In the developed world, losses from theft represent a relatively small percentage of the total generation cost. In the United States, losses from theft have traditionally been estimated at one to three percent of revenue, though this figure increases during difficult economic times.
Power theft represents a safety and quality-of-service issue as well as an economic issue. Jury-rigging power taps is dangerous and often results in injury and even death. Additionally, the jury-rigged taps represent a fire hazard. Most significantly, the resultant unpredictable loading of the distribution grid can cause transformer fires and explosions that can result not only in dangerous situations but in major power outages.

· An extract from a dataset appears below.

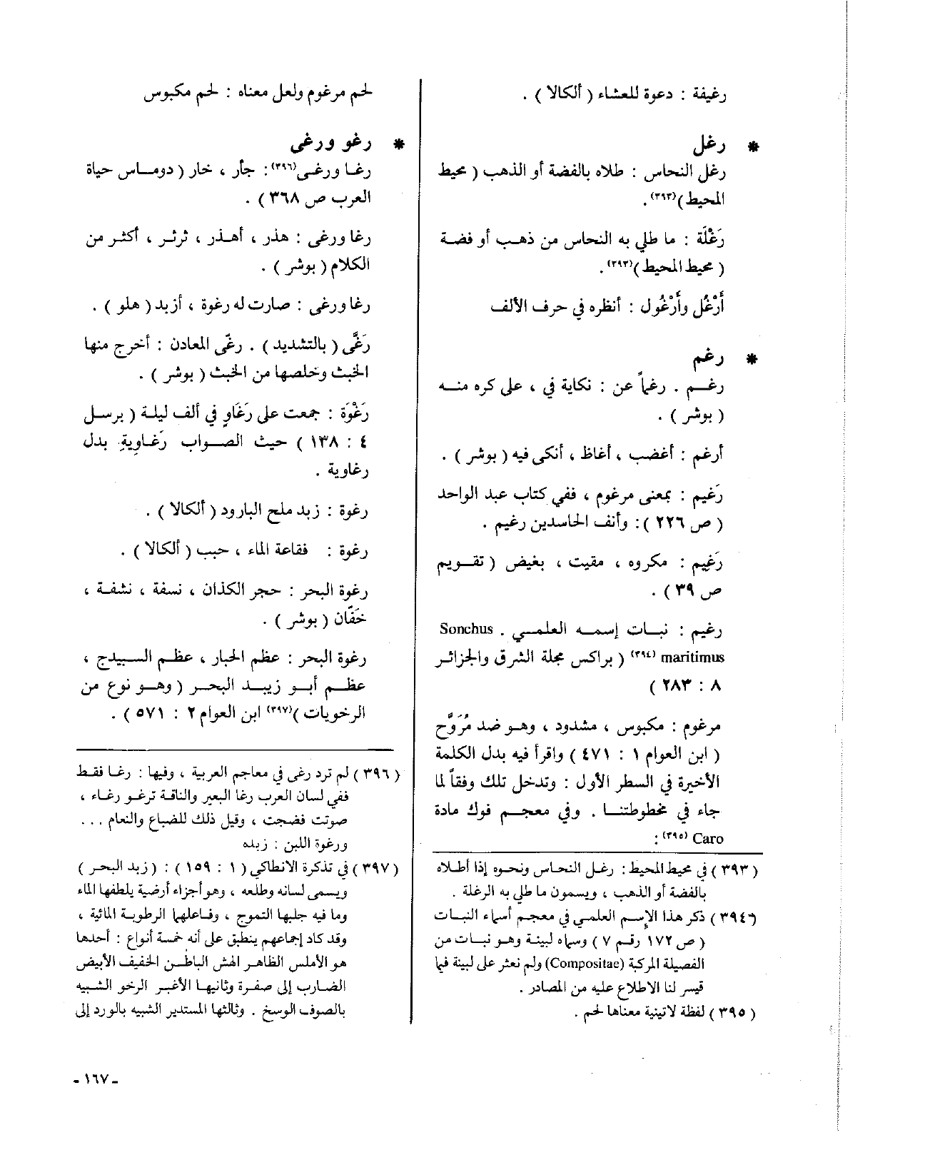 • رغو ورغى: رغا ورغى: جأر، خار (دوماس حياة العرب ص368).

Prior art methods for detecting power theft can be divided into three categories. One category involves comparing voltage and current at a meter with voltage and current at a point of origin for delivery, such as the service distribution transformer for a neighborhood. The technical losses due to the resistance of the low voltage line between the point of origin and each meter are presumed to be less than a predetermined amount, so that any difference in power loss above the predetermined amount can be presumed to be due either to theft or to line defects. United States Patent Application Publication No. 2012/0265355, titled System and Method for Single and Multizonal Optimization of Utility Services Delivery and Utilization (incorporated herein by reference) describes a system of this sort, wherein intelligent software agents at the service transformer collect measurements both at the transformer and from other instruments located at or incorporated in the electric meters. Theft detection is cited as one of the applications of this system. However, systems involving placing agents and instruments at the transformer are less desirable than would be a system that did not require any devices at the transformer, because transformers are far less physically accessible than meter sockets, and modifying them by adding instrumentation inside the transformer housing or on the high-voltage side of the transformer can be costly and even dangerous.
A second category involves measuring current and voltage outside the meter of a metered load, and inside the premises of the metered load. If more power is being used on the premises than is being delivered via the meter, then either power is being locally generated on the premises, or the meter is being bypassed. Methods of this sort are problematic for utilities because a service utility typically does not have access to data from inside the metered load. The consumer would have to agree to the placement of devices inside the premises.
A third category involves detecting the instantaneous changes in power usage or minor outages caused by tampering with the distribution lines in order to install an unmetered tap. This category of mechanism falls short because tampering can be masked by larger events such as a legitimate outage or interruption in service, and because it would create many false positives.